AIMARD SOUNDS FRENCH AT CARNEGIE HALL

ClassicsToday

Carnegie Hall, New York, N.Y.; October 20, 2005

When witnessing pianist Pierre-Laurent Aimard’s myriad musical qualities in action, the most striking is remarkable for its absence: the stamp of the pianist himself. Aimard’s playing, while replete with confidence and finesse, manages always to serve the music rather than the ego. His daring rubato in the first of four Debussy preludes that opened his recent program, “Danseuses de Delphes,” cast this gem in a stark, altogether un-“impressionistic” light. The pianist achieved a startling range of expressive tones in “Le Vent dans la plaine” and added new color to “Les Sons et les parfums tournent dans l’air du soir.” In “La Danse de Puck,” Aimard brought crystalline clarity to the whirling (Shakespearian?) rhythms, invoking his own mastery of Ligeti, who has called Aimard “the leading performer of contemporary piano music.”

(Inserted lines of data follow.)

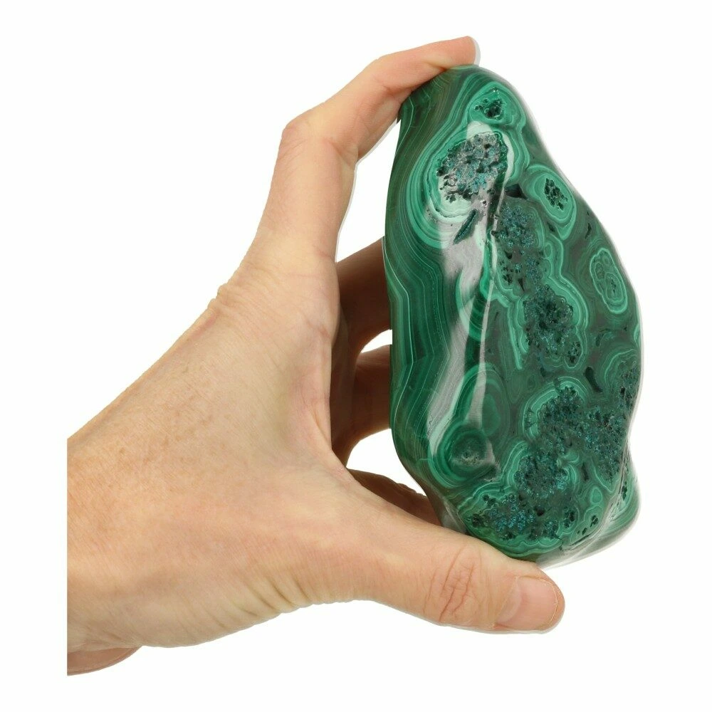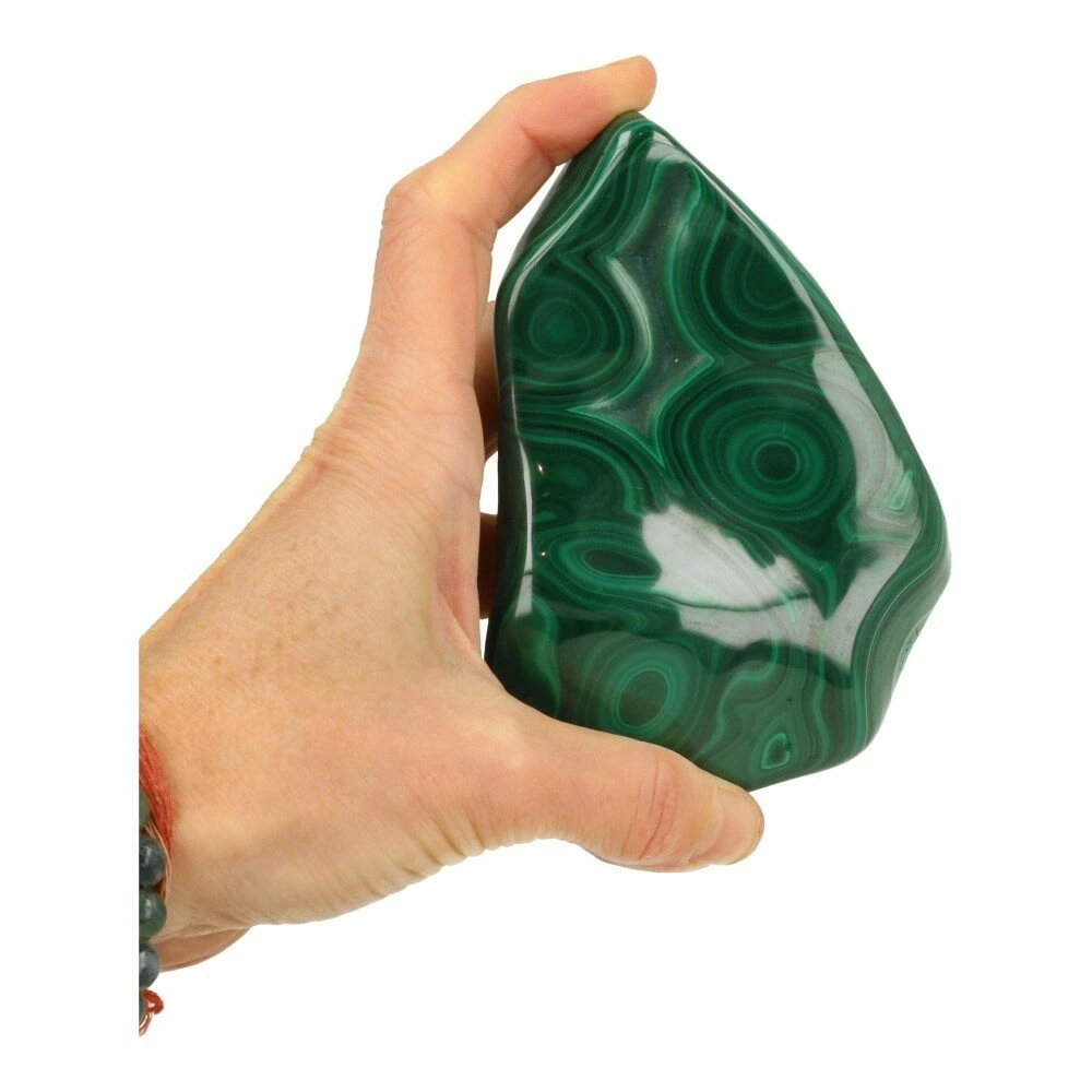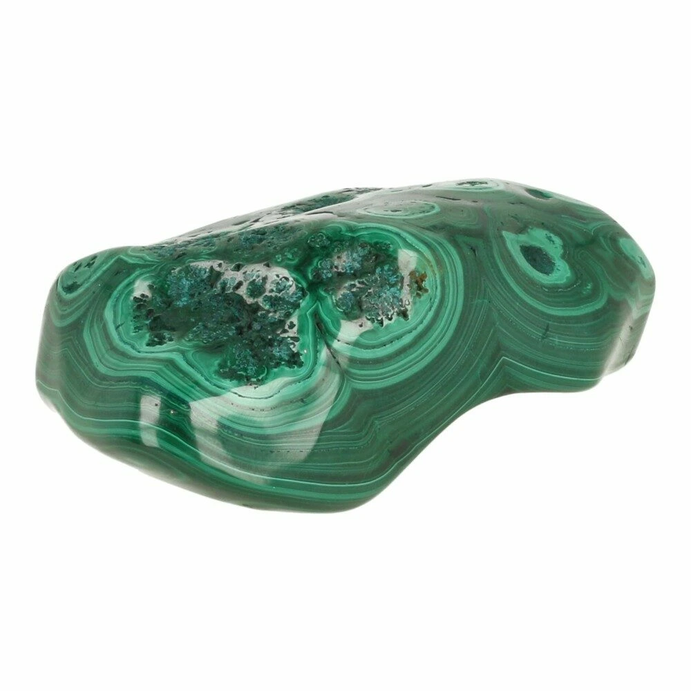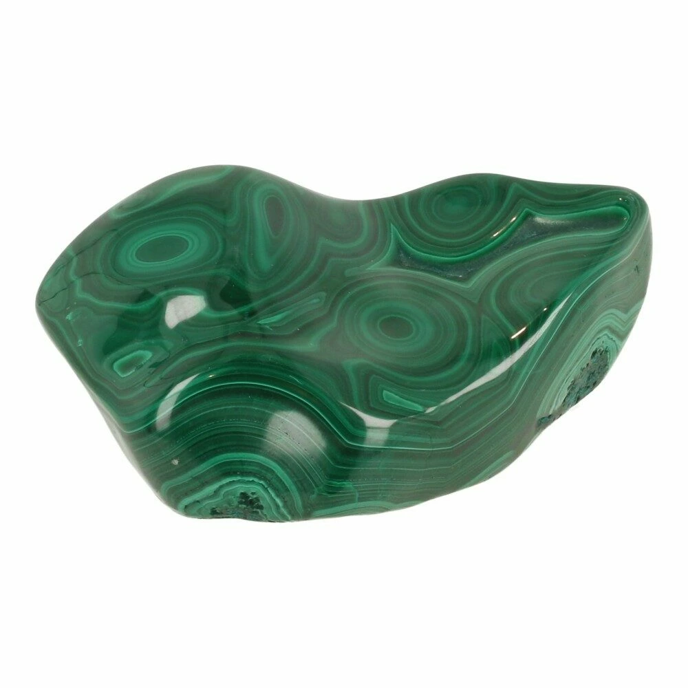 Prachtige diepgroene malachiet gepolijst uit Democratische Republiek Congo. Dit stuk gepolijste malachiet heeft een fraaie fijne tekening aan beide zijdes. Doordat de bolle groeivorm is gepolijst zijn de fraaie ronde lijnpatronen goed zichtbaar, en op de smalle zijde de laagjes waaruit de malachiet is opgebouwd. Dit stuk heeft een bijzondere intense kleur groen en is mooi rond gepolijst aan de randen, met 2 volledige verschillende tekeningen aan beide zijdes. De afmeting van dit fijne stuk gepolijste malachiet is ruim 12cm lang, 8cm breed en 4cm hoog. Je ontvangt de malachiet gepolijst van de foto.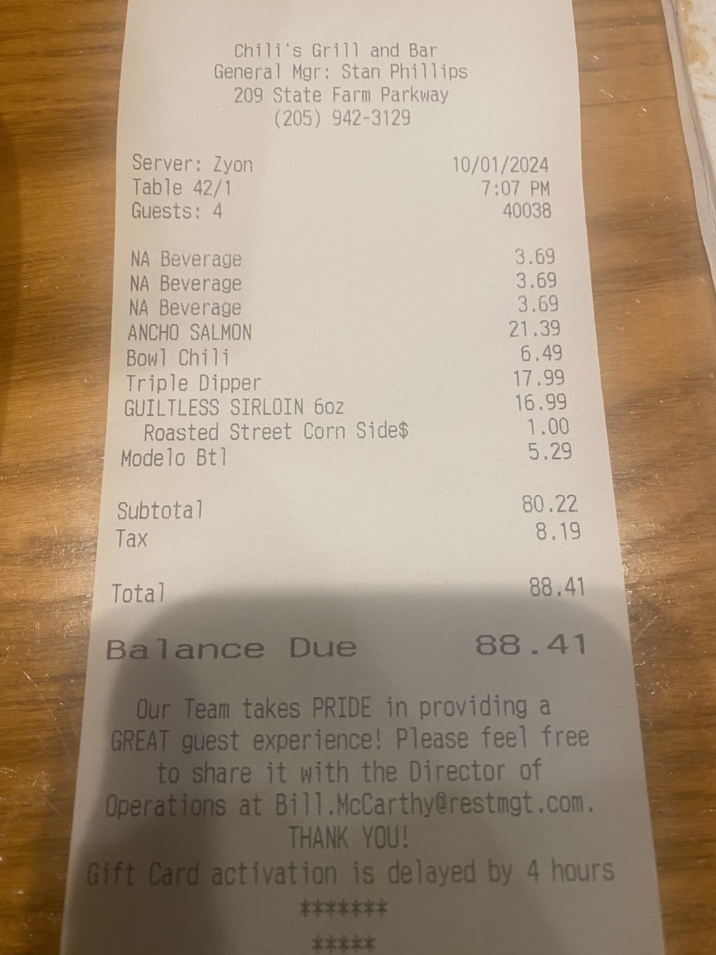 We saw two other tables leave. They gave up on getting service, as there servers never visited their tables. One was in our section, the other in the section next to us. I’m pointing this out, as it wasn’t just one server not handling business. Another table got up and found their own napkins and flatware.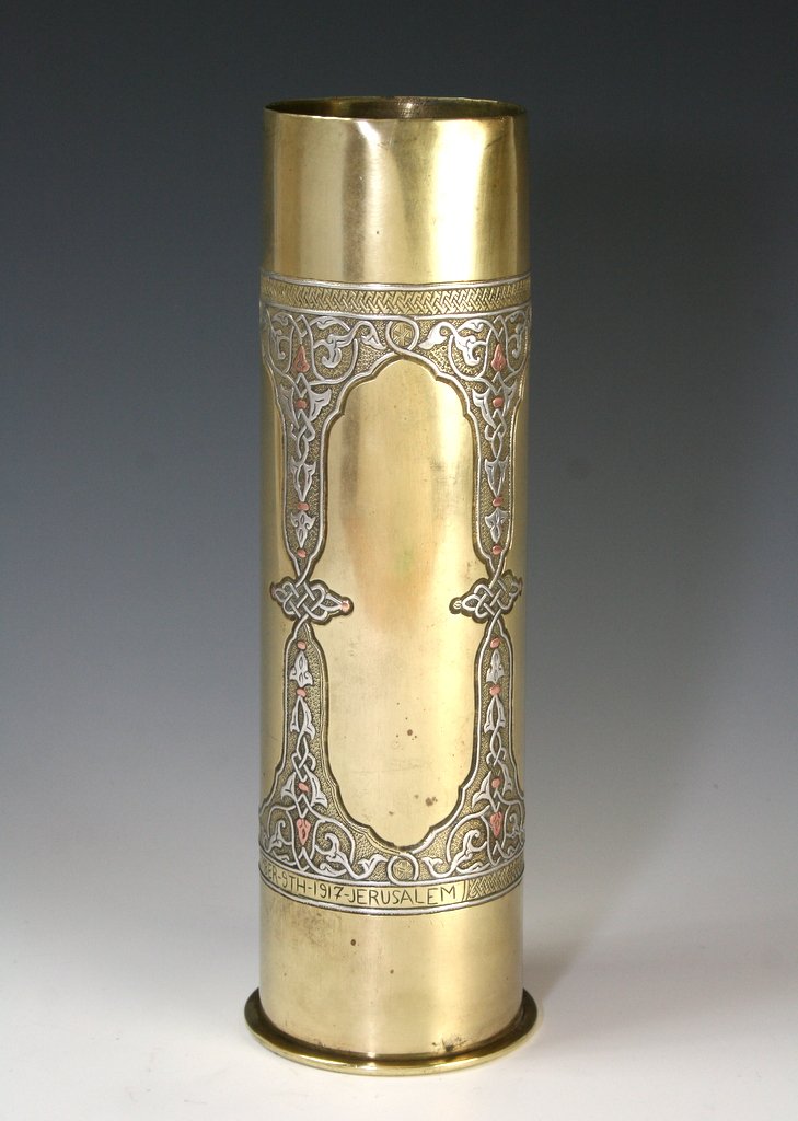 A DAMASCENE MORTAR SHELL. Jerusalem, c. 1917. Engraved

Aimard substantiated this designation when he unraveled the thorny, intertwined lines of Boulez’s Piano Sonata No. 1. Even those concertgoers who believe Boulez should be seen but not heard must have taken some delight at hearing emancipated inner voices sparkling in pointillistic tranquility. Closing the first half, Aimard lent Ravel’s Gaspard de la nuit a dramatic orchestral srength, without feeling the need to display brute force, even in fortissimo passagework.

In the second half, Aimard turned the homogenous vignettes of Schumann’s Carnaval into his own Pictures at an Exhibition, so vivid were his interpretations. As an encore, he wished Mr. Boulez a happy birthday and whipped off his old mentor’s Notation No. 4 as though he were playing a Bach minuet. He tempered this detonation with a beloved Debussy Prelude, “La fille au cheveux de lin,” played with such warm pianissimo that some of us were able to recall the flaxen hair of la fille in question.